Written by: Brian Cole

Structural biologist Brian Mark is helping to develop a vaccine for the virus that causes COVID-19. The machine in the background is a protein X-ray diffractometer, which is used to create a three dimensional view of the components that make up the virus.

The coronavirus that causes COVID-19 is nothing if not clever.

Like other viruses, this one is a light traveller, carrying just enough genetic material to replicate and spread throughout the natural world. But it also possesses something that other viruses do not have: the ability to manipulate the immune response of any host it decides to infect.

These two qualities – the ability to travel lightly and disarm immune defences – provide this virus with a huge advantage when it comes to infecting the human body.

Just ask Brian Mark.

A structural biologist at the University of Manitoba, Mark and his eight-member team are currently working with Drs. Marjolein Kikkert and Eric Snijder at Leiden University Medical Center in the Netherlands to develop a vaccine for severe acute respiratory syndrome coronavirus 2 (SARS-CoV-2), which is the virus that causes COVID-19.

The federal government has provided just under $500,000 for the project, which is just one of several COVID-19-related research initiatives underway in Manitoba. 

Mark’s interest in coronaviruses – how they work, and how they might be stopped – is not new.

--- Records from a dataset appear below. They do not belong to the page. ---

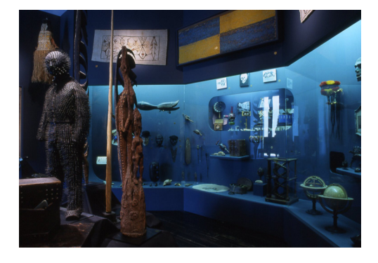
Fig. 7. Witnesses Room, Menil Collection, Vitrine. The duck-rabbit drawing by Joseph Jastrow, referred to by Wittgenstein and Carpenter, as well as a version of Dalí's African village, are inside the vitrine, on the right. The Menil Collection, Houston.

In the Menil's Witnesses Room, Carpenter displays Western visual puns as well, including a reproduction of the photograph of an African village that Dalí tinkered with and published in 1931 with the title Paranoid Face , playing in a characteristically humorous way with the continuities between disparate cultures that interested Breton. Dalí touched up the photograph with white paint and rotated it so that it became transformed into a primitivist head of the type that might have been made by Picasso. The original village and villagers remain identifiable as ghostly
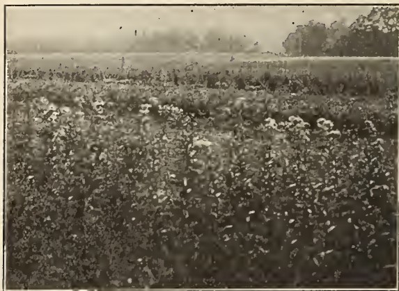
A View Across Our Lily Fields.
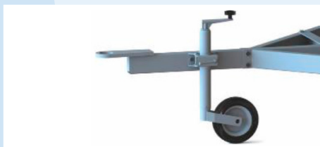
Jockey wheel as an option.

Changes possible. All rights reserved. 2018.11

In fact, it dates back to 2012 when Mark and his Dutch colleagues started working on a vaccine for the Middle East Respiratory Syndrome coronavirus, also known as MERS. That virus, which emerged in Saudi Arabia, has infected about 2,500 people as of January 2020, and killed more than 800. Mark says the knowledge gained then is being used now to help combat SARS-CoV-2. 

As he explains, the pathogen responsible for the pandemic engulfing the world today is part of a family of coronaviruses. Some, like the coronaviruses that cause the common cold, are fairly benign. Others, like the ones that cause MERS and COVID-19, are more deadly. As of mid-June, for example, SARS-CoV-2 had infected about 7.5 million people around the world and killed more than 400,000.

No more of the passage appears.